A visual representation showing the workflow, dependencies, and necessity of user tasks that span a complete business process. Use a span plan in support of release planning to help identify a holistic set of tasks to support in a proposed software release.

Thinned feature concept

A proposed software feature for development that while it supports a user achieving a task using the software, does so in way that's cheaper to implement. Use thinned features early in the development of software to allow more software to be built and evaluated at a high level quickly.

Feature thinning guidelines concept

Feature thinning guidelines help identify characteristics of a feature that may deferred or removed making the feature lighter, simpler, and faster to develop. Use feature thinning guidelines to thin proposed features during release planning, and choosing and designing specific work to iteratively develop during iterative release development.

Conduct collaborative UI inspection techique

As team, gather to evaluate a stand-in user's interaction with software under development. Use collaborative user interface inspection to quickly identify usability issues and functional errors in the software. These inspections also serve to familiarize a team with the users, usage, and functionality of software under development.

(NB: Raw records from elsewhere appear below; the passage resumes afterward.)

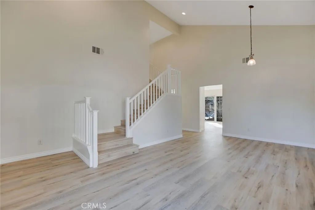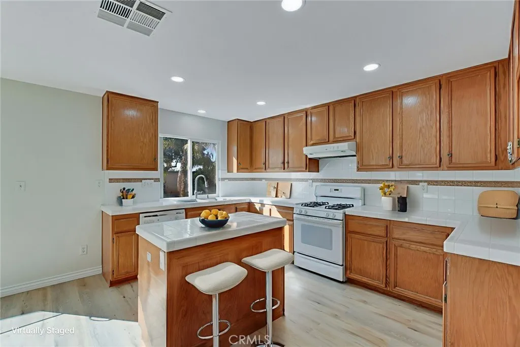 Absolutely gorgeous two-story home in a prime location recently updated with interior paint and new flooring throughout. This home has so much to offer, including a spacious living room with high ceilings and a cozy family room with a fireplace. The kitchen and dining area are open and inviting, featuring a center island, recessed lighting, a built-in office desk area, and tile flooring. Downstairs, you'll find two bedrooms and a full bathroom. Upstairs include three generously sized bedrooms, including the main suite with its own private bathroom. The main suite boasts a dual-sink vanity, walk-in closet, enclosed shower, and a relaxing bathtub. The spacious backyard features orange trees and a covered concrete patioperfect for entertaining. There's also plenty of room to add a pool or start your own vegetable garden. Additional features include an indoor laundry room with tile flooring and shelving, a two-car attached garage, low HOA, and a convenient location close to parks, shops, entertainment, freeways (91, 60, and 15), golf courses, and restaurants.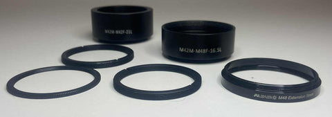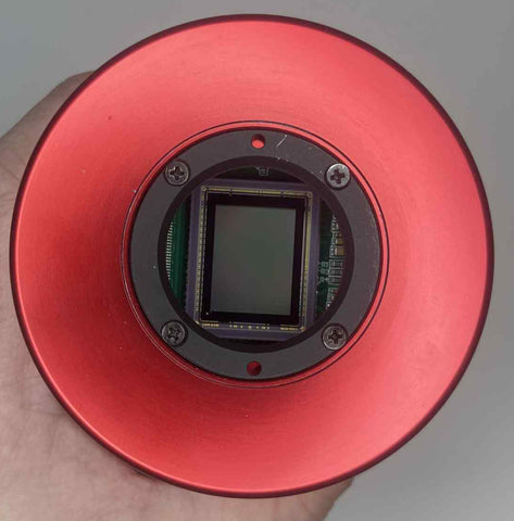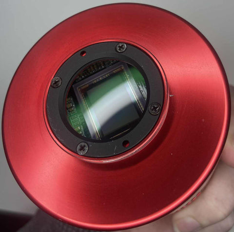 The ASI1600MM-COOL has a robust and attractive CNC machined red-anodized aluminum body that stands up to heavy field use. A clear IR-cut glass window protects the sensor and helps keep images sharp. The camera body includes a standard 2" M42x0.75 internal thread interface on top for adapters, and a 1/4-20 thread in the bottom to make it easy to attach the device to a camera tripod or mount. The M42 adapter can be removed to reduce back focus to just 6.5mm.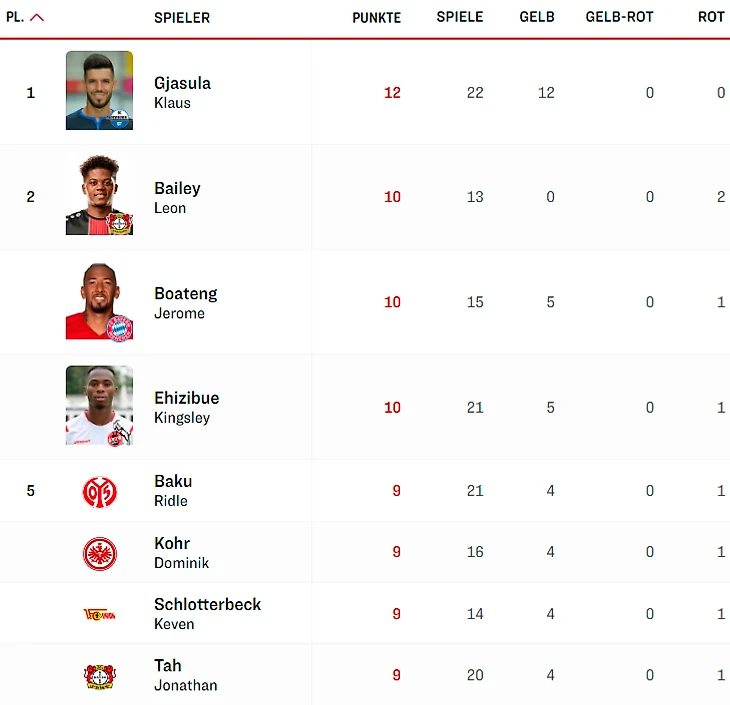 Клаус Гьязула заработал двенадцатую желтую карточку в сезоне, больше чем кто-либо другой.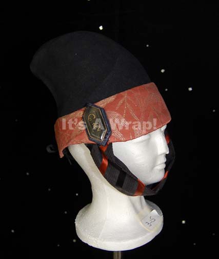 Description: A costume element similar to those featured in various Star Trek feature films. This item is a black felt hat in the Vulcan-style, featuring peach-colored trim, reflective gold-colored floral accents, a black and rust-colored chin strap, and a hexagonal faux jewel on the side with Vulcan iconographic symbol. A sewn in Paramount tag reads ‘3-15’.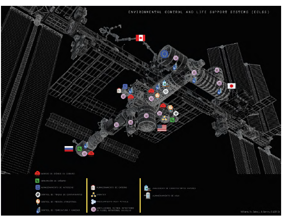 El sistema de control ambiental y de soporte vital (ECLSS, por sus siglas en inglés), como se describe en la Figura 1, consiste en tres componentes: el sistema de recuperación del agua (WRS, por sus siglas en inglés), el sistema de generación de oxígeno (OGS, por sus siglas en inglés) y el sistema de revitalización del aire (ARS, por sus siglas en inglés), que están operativos desde 2008 en la EEI. El WRS permite el reciclaje del agua a partir de la recolección de la orina de la tripulación, y la condensación de la humedad y del agua del sistema de hidratación de las unidades de movilidad extravehicular (EMU, por sus siglas en inglés), con un 90 % de eficiencia en el proceso (Williams et al., 2012). El ARS se encarga de filtrar los contaminantes atmosféricos usando el equipo de control de trazas de contaminantes (TCCS, por sus siglas en inglés) producidos por los componentes electrónicos, la manipulación de equipos, los materiales, etc., y con el soporte del ensamble de reducción de dióxido de carbono (CDRA, por sus siglas en inglés) proveniente de los astronautas (Seedhouse, 2020), usando camas de carbón activado, un oxidante catalítico térmico, hidróxido de litio, electrólisis del agua y del barrido, y reducción del dióxido de carbono, perlas de aluminio para remover el monóxido de carbono y parte del metano (CH4), porque el restante es ventilado al espacio (Peterson, 2013; Stambaugh et al., 2013).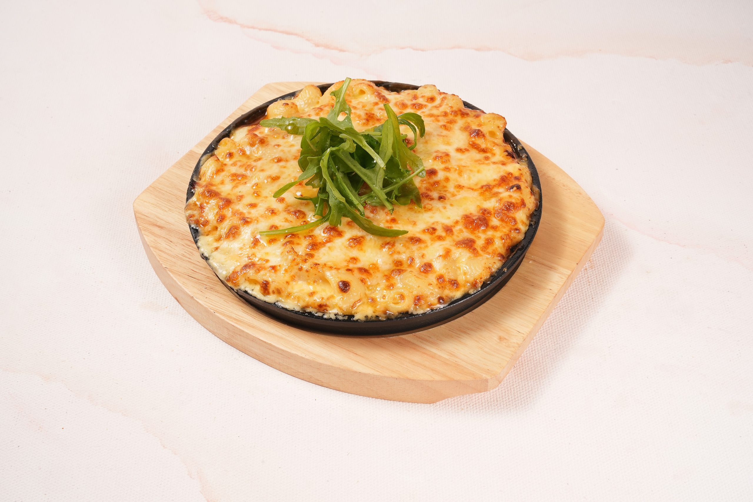 Classic mac and cheese baked with hearty wagyu pulled beef and rich cheese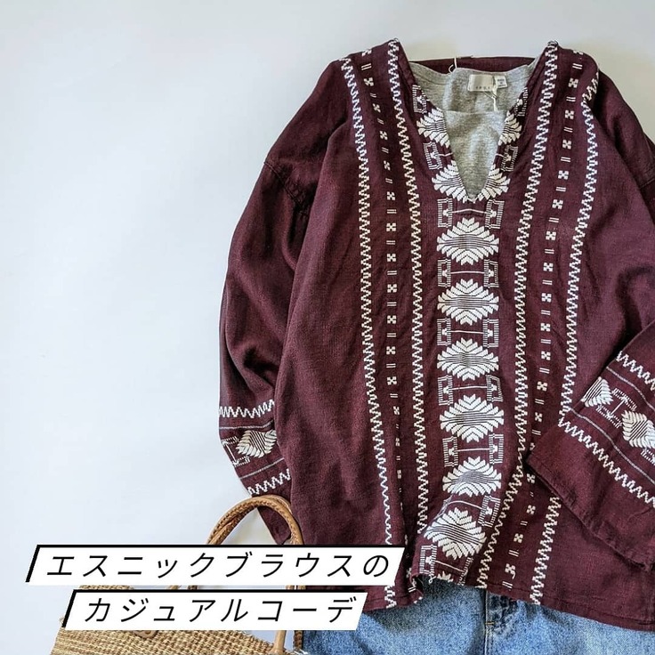 【エスニックブラウスのカジュアルコーデ】

Conduct lightweight usability testing technique

Directly observe users attempt to achieve goals using working software, or a user interface prototype. Use lightweight usability testing to quickly identify usability issues or to validate design choices in software being designed and under development.

Review product progress with stakeholders technique

Periodically review software under development with stakeholders of the software. Use these reviews to reiterate the business goals of the software, the users using it and their goals, and to demonstrate new functionality that supports these goals. Stakeholder reviews keep your decisions and progress visible and allow for the collection of valuable feedback.

Model using index cards technique

Using index cards or sticky notes to collect and represent ideas, spatially arrange and manipulate these ideas on a table top or wall to model, explore, and better understand these ideas. Use card modeling concepts as a foundation for other modeling approaches. Using card modeling in a collaborative work session helps involve participants and better build their connection with and understanding of the results.

Collaborative work session foundation

Meet in a small group, usually 4-8 people, to collaboratively collect, consolidate and model information.

CardStorm to get ideas on the table foundation

Brainstorm directly onto index cards or stickies. Use CardStorming to quickly move through brainstorming to filtering, prioritizing, and modeling.

Filter and prioritize ideas foundation

Given a large number of ideas written on index cards or stickies use filtering and prioritizing to reduce the number of ideas to the most critical or divide into categories to deal with category by category. Use filtering and Prioritizing techniques ahead of modeling to control the size of the model or after modeling to identify important parts of a model.

Paired Work foundation

For activities that require a fast effective problem solving work supported by one or more people to allow that activity to proceed faster. Use paired work to support activities such as user interface prototyping, user scenario writing, persona building, or writing software code.

Putting it all together

The remaining sections of this book deal with specific areas of design and development. The beginning of each section explains its purpose and place in the design and development process. Then concepts are explained that will be leveraged in the techniques found in the section. And within each section is a short story to help contextualize the techniques found in the section to help you put it all together and better understand the context that you'd apply a particular technique.